Ben, go look up the half-life of I-131 -- it's a tad over 8 days. Then go look up the radionuclide measurementsaround the Fukushima reactors, where there is no detectable I131.
And then propose to me the magical mechanism that would transfer I131 from a reactor accident many months ago to Europe now while leaving no trace in Japan and detectable 131I in Europe, 32 half-lives later.
You might want to wait. Chaco says he's digging into the partial email matter today. Maybe that doesn't matter. heh.
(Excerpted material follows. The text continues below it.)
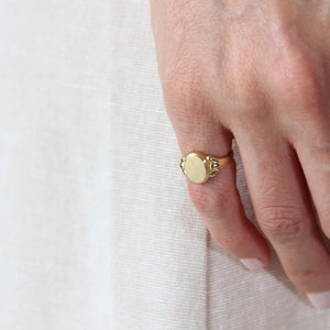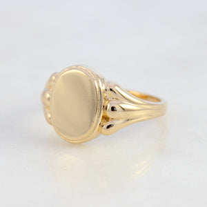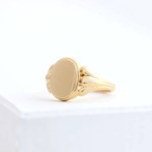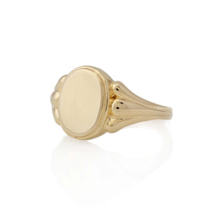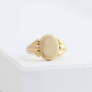 טבעת חותם אובלית מזהב 14 קראט, בעיצוב שמושפע מקווים נקיים של עמודים דוריים מהעולם הקלאסי.

No, you stupid ass, I said *you* can look if you like. I do plan to look at the emails, but frankly having read a whole *lot* of these emails in the last two years, I don't think there's much of a cotnext issue at all.
Bonjour!
Posted by: Jane | November 25, 2011 at 08:33 AM
Buon Giorno
Posted by: peter | November 25, 2011 at 08:39 AM
'A bug not a feature'
http://blog.heritage.org/2011/11/24/obama-administration-approving-only-35-percent-of-gulf-drilling-plans/
Posted by: narciso | November 25, 2011 at 08:39 AM
Walker is still signing laws the unions don't like! If teachers want to view porn on school computers, they should sign a recall petition today.
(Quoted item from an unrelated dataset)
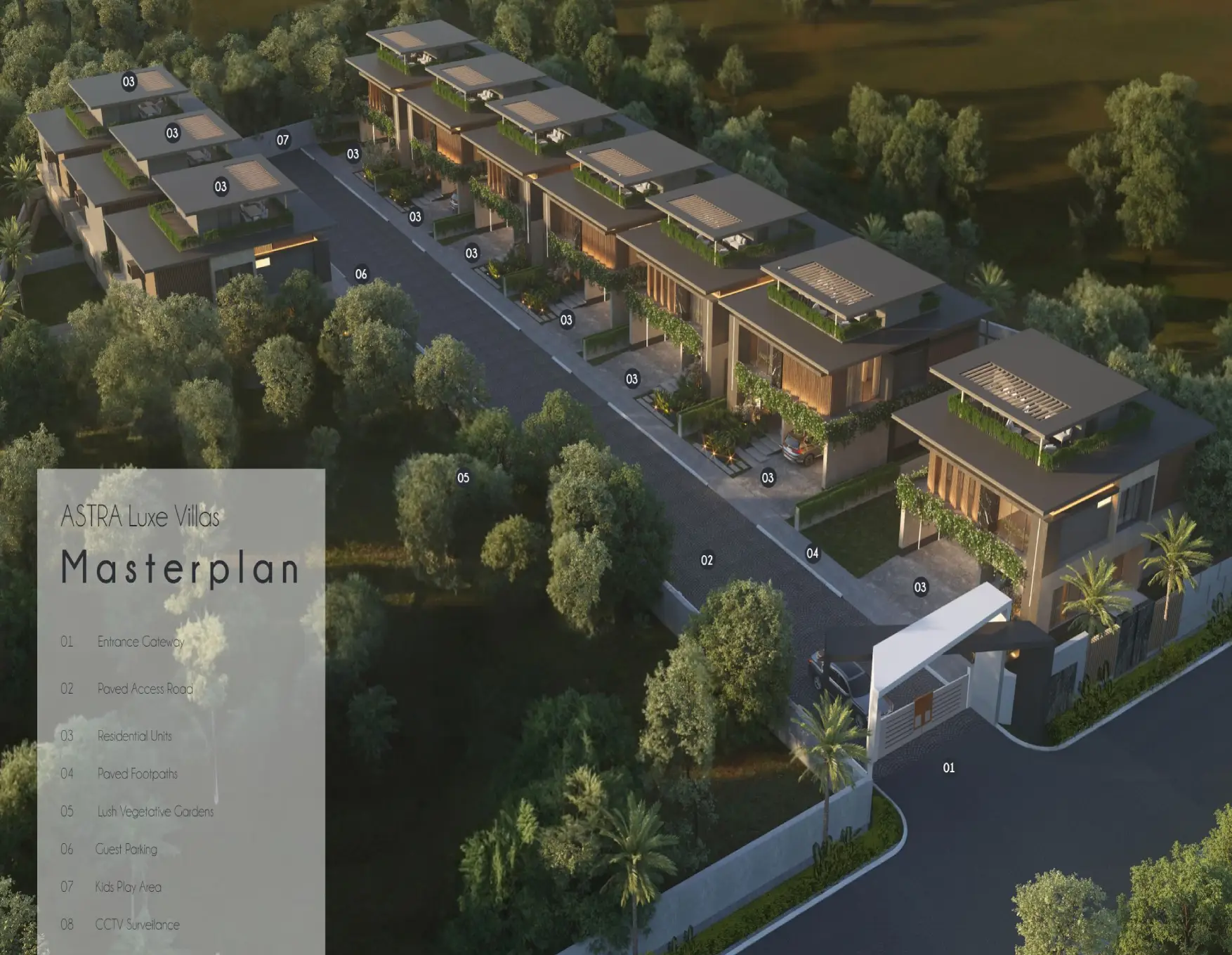 ASTRA LUXE, a gated community villas at the heart of a residential hub and living in one of these villas is a privilege, an opportunity to enjoy excellent location, maximum safety, high standard of life and exquisite style.

Posted by: henry | November 25, 2011 at 08:50 AM
I had a wonderful Thanksgiving surprise.
After baking the ham, calling my son in Pittsburgh, and loading up the car, I drove the few blocks to my daughter's house where the family was gathering - kids, grandkids, etc.
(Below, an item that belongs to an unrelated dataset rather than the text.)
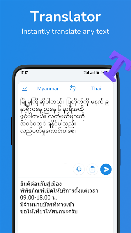 - बिजली की तेजी से अनुवाद: म्यांमार बर्मीज़ से थाई और थाई से म्यांमार बर्मीज़ तक जटिल अनुच्छेदों का भी त्वरित अनुवाद प्राप्त करें
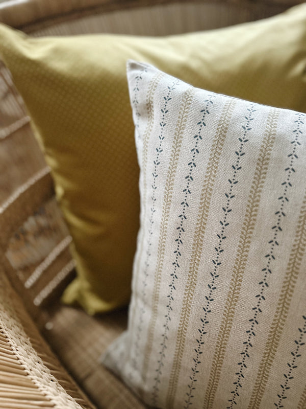Bespoke cushion cover in exclusive quality, made of high-end designer fabric. Soft beige with a regency stripe design in ochre yellow and navy.

I walked into the kitchen and heard Happy Thanksgiving, Mom - it was my Pittsburgh son and his girlfriend who had flown out yesterday to surprise me! Of course, I cried. "But, I just called you an hour ago in Pittsburgh!" "Mom, its a cell phone - duh!"
I guess if I couldn't have the now famous (A)B brined turkey, this was a damned good Thanksgiving anyway.
Posted by: centralcal | November 25, 2011 at 08:50 AM
Wow Centralcal, that is wonderful!
Posted by: Jane | November 25, 2011 at 08:56 AM
From a George Will column, on Hot Air;
A market research firm found that people who buy the $43,000 Chevy Volt (seats four in space not taken by its 400-pound battery) or the $34,500 Nissan Leaf, and who get a $7,500 government bribe (a.k.a. tax credit) for doing so, have average annual incomes of $150,000, and half of the buyers own at least two other vehicles.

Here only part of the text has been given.